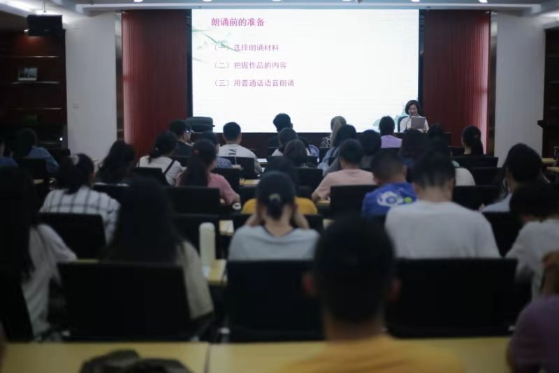 李慧老师深入浅出的传授了朗诵前的准备工作、如何充分把握作品内容、怎样用声音充分演绎出作品的内涵以及怎样塑造鲜活的人物形象,重点讲述朗诵的基本表达手段和方法,令人受益匪浅。特别是李慧老师穿插朗诵的各种体式和情调的作品,时而慷慨激昂,时而婉转优美,时而深沉含蓄,时而轻松欢快,将朗诵艺术表现得淋漓尽致,现场带领大家进行的朗诵实训,把讲座的气氛推向高潮。参加讲座的同学们争先恐后,都不想放弃难得的学习机会,李慧老师不厌其烦的耐心指点,让同学们深刻体会到朗诵的魅力。
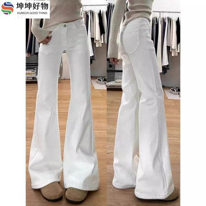 優寶購物《ubao.Tw》特貨品商城,黑貓宅配,取貨付款,白色微喇牛仔褲女2025春季新款小個子闊腿寬松顯瘦不貼腿喇叭褲子~坤坤好物~ | Yahoo拍賣
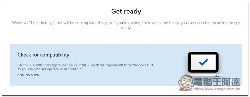 稍早微軟公布 Windows 11 最低系統要求規格的更新文章中,也同步宣布重新上架電腦健康情況檢查工具,不過原本的頁面還沒更新,依舊寫著 COMING SOON 的字樣:
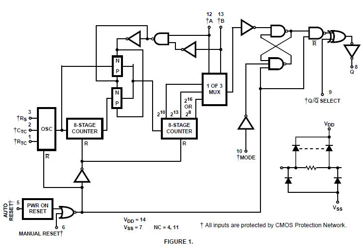 The CD4541 is a programmable timer. It consists of a 16-stage binary counter, an oscillator that is controlled by external R-C components (2 resistors and a capacitor), an automatic power-on reset circuit, and output control logic. The counter of CD4541 increments on positive-edge clock transitions and can also be reset via the MASTER RESET input.
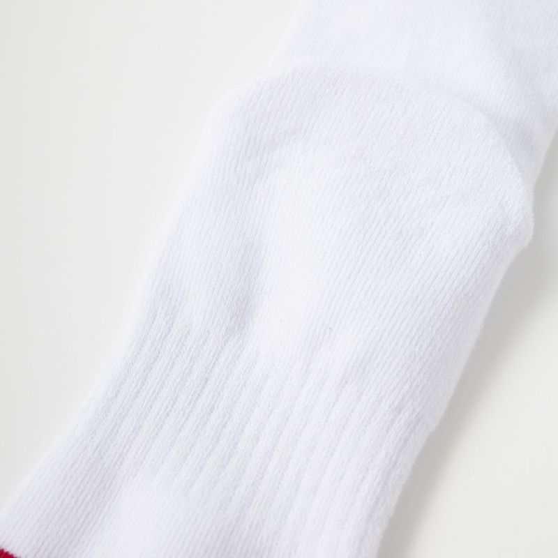 FILA GOLFらしい鮮やかなバイカラー(切替配色)がデザインのポイント。ショート丈でありながら、足元のスポーティなアクセントとして映え、洗練されたコーディネートを完成させます。足裏には滑り止めプリントを施し、シューズ内でのブレを徹底的に軽減。繊細なグリップ力が、力強いスイングと安定したパッティングを引き出します。

> [YOUR GOAL]:
Each entry is to be returned precisely as it appears, but the pictures are to be dropped.

> [EXERCISE RESPONSE]:
 李慧老师深入浅出的传授了朗诵前的准备工作、如何充分把握作品内容、怎样用声音充分演绎出作品的内涵以及怎样塑造鲜活的人物形象,重点讲述朗诵的基本表达手段和方法,令人受益匪浅。特别是李慧老师穿插朗诵的各种体式和情调的作品,时而慷慨激昂,时而婉转优美,时而深沉含蓄,时而轻松欢快,将朗诵艺术表现得淋漓尽致,现场带领大家进行的朗诵实训,把讲座的气氛推向高潮。参加讲座的同学们争先恐后,都不想放弃难得的学习机会,李慧老师不厌其烦的耐心指点,让同学们深刻体会到朗诵的魅力。
 優寶購物《ubao.Tw》特貨品商城,黑貓宅配,取貨付款,白色微喇牛仔褲女2025春季新款小個子闊腿寬松顯瘦不貼腿喇叭褲子~坤坤好物~ | Yahoo拍賣
 稍早微軟公布 Windows 11 最低系統要求規格的更新文章中,也同步宣布重新上架電腦健康情況檢查工具,不過原本的頁面還沒更新,依舊寫著 COMING SOON 的字樣:
 The CD4541 is a programmable timer. It consists of a 16-stage binary counter, an oscillator that is controlled by external R-C components (2 resistors and a capacitor), an automatic power-on reset circuit, and output control logic. The counter of CD4541 increments on positive-edge clock transitions and can also be reset via the MASTER RESET input.
 FILA GOLFらしい鮮やかなバイカラー(切替配色)がデザインのポイント。ショート丈でありながら、足元のスポーティなアクセントとして映え、洗練されたコーディネートを完成させます。足裏には滑り止めプリントを施し、シューズ内でのブレを徹底的に軽減。繊細なグリップ力が、力強いスイングと安定したパッティングを引き出します。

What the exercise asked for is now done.